Click here to know how this affects the value transfer.
Let's say that we are sampling a current in one cell and transferring the same current to another cell. We are going to evaluate the effect of this error in the current copying. First, since the memories are of the same type, it is reasonable to assume that $g_{m1} = g_{m2} = g_m$ and $g_{o1} = g_{o2} = g_o$. $M_1$ is being biased at a current $J$, thereby developing a voltage $V_{GS}$ at its gate. A small current $i_{in}$ is superimposed on this DC operating point, shifting the gate voltage to $v_{GS_1} = V_{GS} + v_{gs_1} = V_{GS} + i_{in}/(g_m+g_o)$.

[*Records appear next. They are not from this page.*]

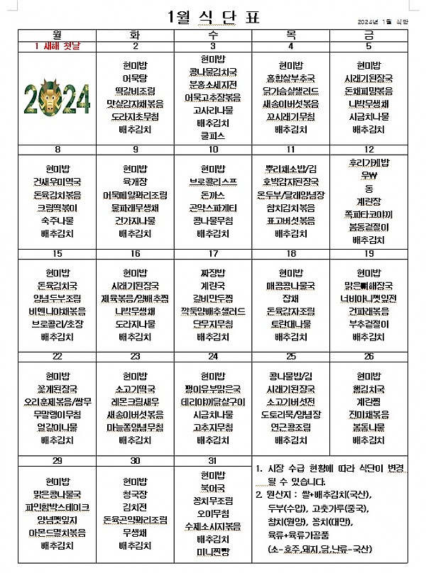 2024년 1월 식단표 ^^ 페이지 정보 작성자 관리자 작성일23-12-28 15:30 조회4,336회 댓글0건 이전글 다음글 목록 본문 갑진년 새해가 밝았습니다. 맛있게 먹고 힘 내서 건강한 한 해를 보내려고 합니다. ^^ 이전글 다음글 목록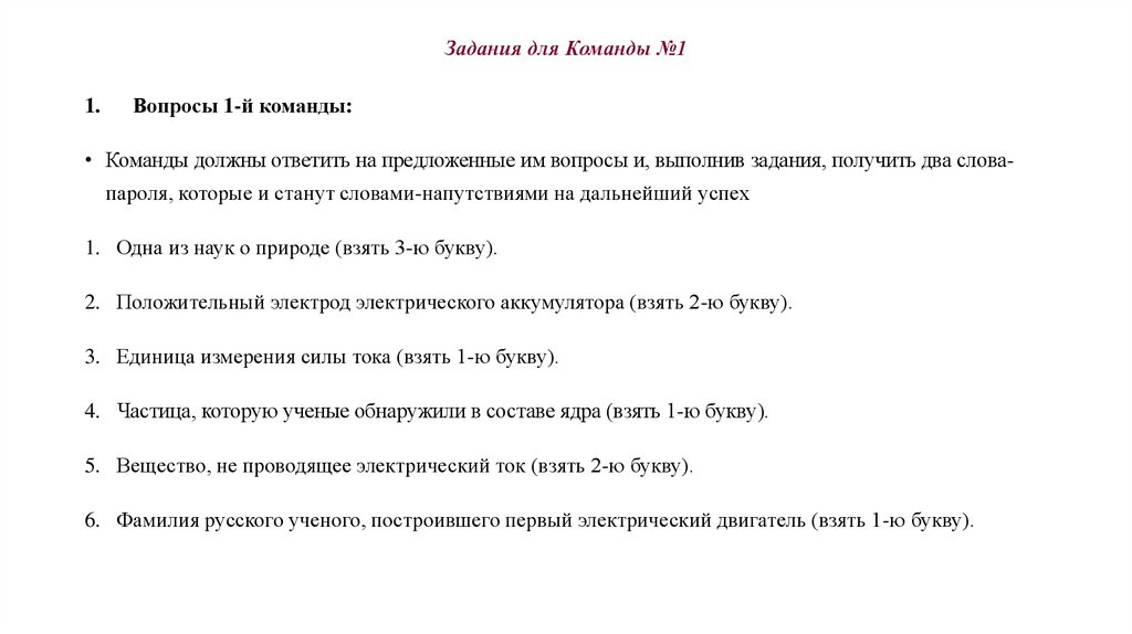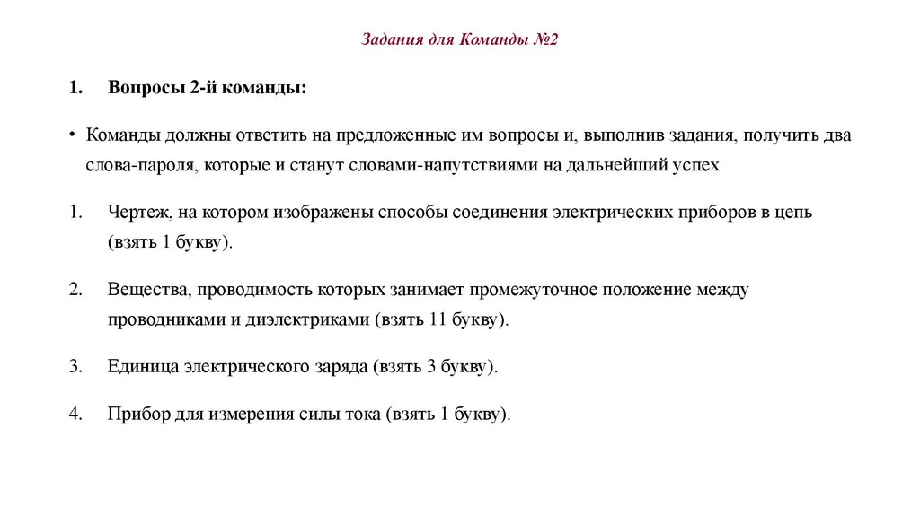 • Команды должны ответить на предложенные им вопросы и, выполнив задания, получить два словапароля, которые и станут словами-напутствиями на дальнейший успех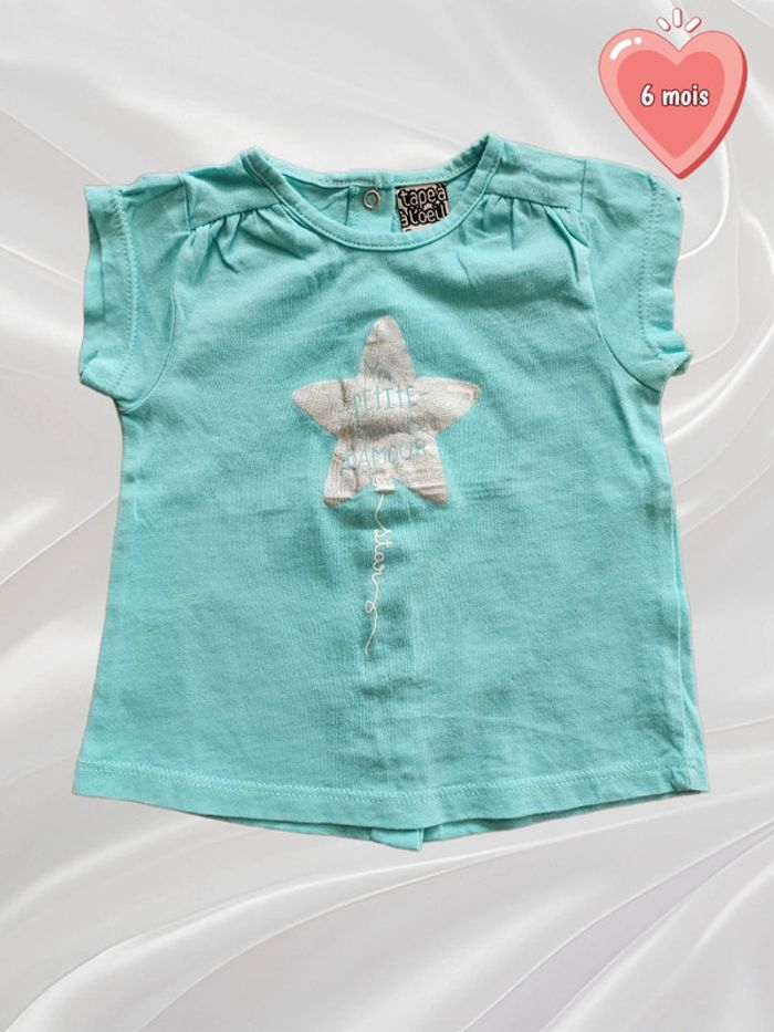 Vends T-shirt, taille 6 mois, de la marque Tape à l'oeil, de couleur vert avec motif étoile 🌟 couleur argent. Remise en main propre possible ⚠️ Pas d'envoi par Vinted Go car aucun point dans ma région. Possibilité de faire des lots ☺️ Dressing trié par taille ⬇️ (et voir profil 💕) #Nebchan_fille6mois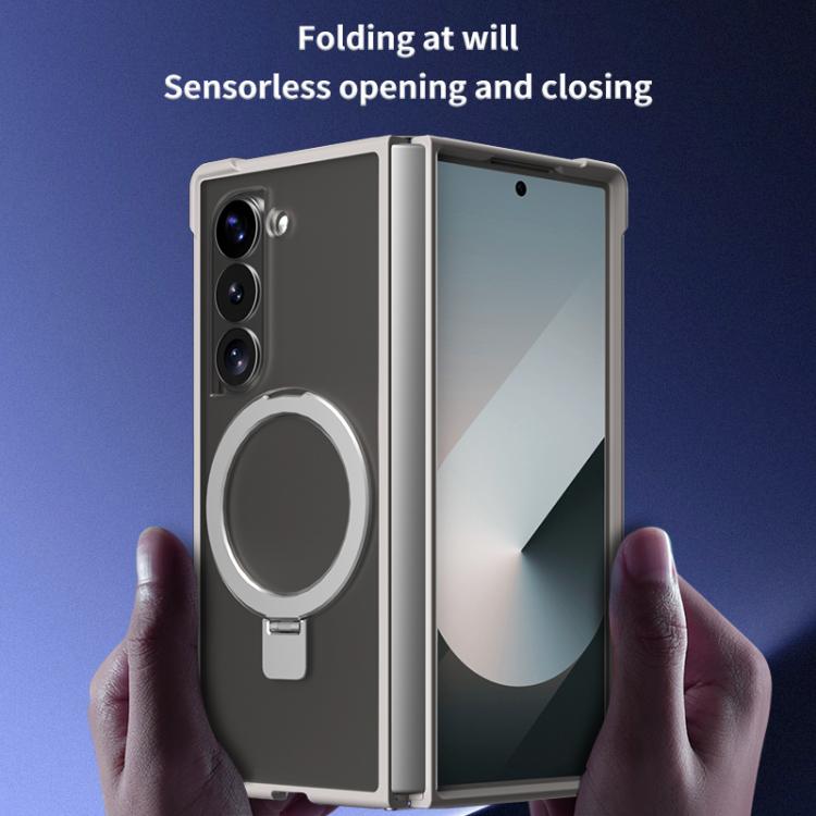 For Samsung Galaxy Z Fold6 Four-corner Shockproof MagSafe Holder Phone Case(Blue)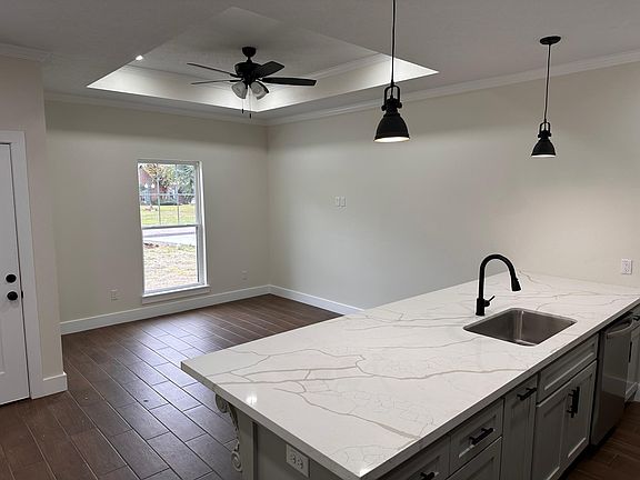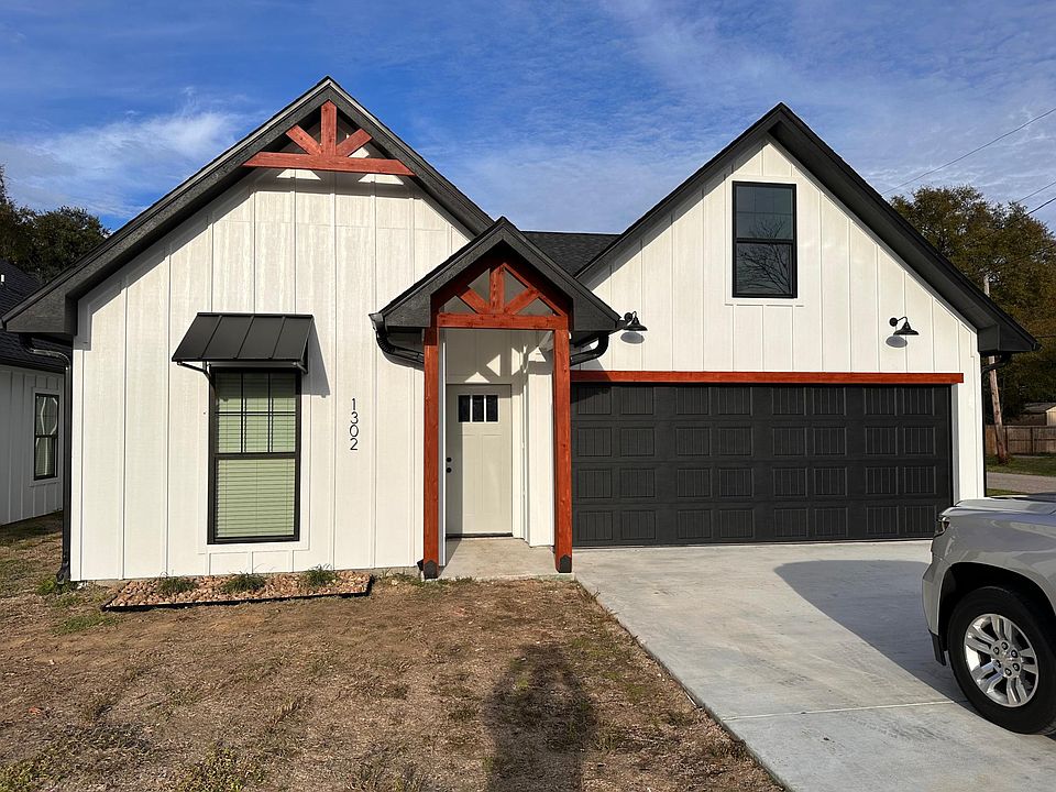 Newer construction 3/2/2 modern farmhouse completed December 2023 and located in a well established Port Neches, Tx neighborhood. Imagine living in this beautiful home that includes an 11ft quartz kitchen peninsula, soft close cabinetry throughout, pull out shelves in kitchen, sensor operated kitchen faucet, large master suite with dual showers in master bath including glass enclosure, vessel sinks with tall modern faucets, slow close toilet seats, tiled to the ceiling showers, auto dusk to dawn exterior lighting, 10ft tray ceilings, complete appliance package including washer/dryer and high end refrigerator, privacy fencing and much more that needs to be experienced in person.

During the sample phase, the small-signal current sampled is
$$i_1 = i_{in} - i_{g_{o1}}$$
$$i_1 = i_{in} - v_{ds_1} g_o = i_{in} - v_{gs_1} g_o$$
$$i_1 = i_{in} - \frac{i_{in}}{g_m+g_o} g_o$$
$$i_1 = i_{in} \left( 1 - \frac{g_o}{g_m + g_o} \right) $$
$$i_1 = i_{in} \left( \frac{g_m}{g_m + g_o} \right) $$

If the condition $v_{DS_1} = v_{GS_1}$ was kept during hold, the small-signal current transferred would be $i_1 + i_{g_{o1}} = i_{in}$ and the original current would be restored. However, if $v_{DS_1} = v_{GS_2}$ during the hold phase, the current transferred to the next stage is just $$i_{out} = i_1 + i_{g_{o1}}$$ $$i_{out} = i_{in} \left ( \frac{g_m}{g_m + g_o} \right) + v_{ds_1} g_o$$ $$i_{out} = i_{in} \left ( \frac{g_m}{g_m + g_o} \right) - \frac{i_{out} g_o}{g_m + g_o}$$ $$i_{out} = \frac{i_{in} \frac{g_m}{g_m + g_o} }{1 + \frac{g_o}{g_m + g_o}}$$ $$i_{out} = \frac{i_{in}} { 1 + \frac{2 g_o}{g_m} }$$ So the the signal is reduced by $ (1+ 2g_o/g_m)^{-1}$ due to input-output conductance ratio error.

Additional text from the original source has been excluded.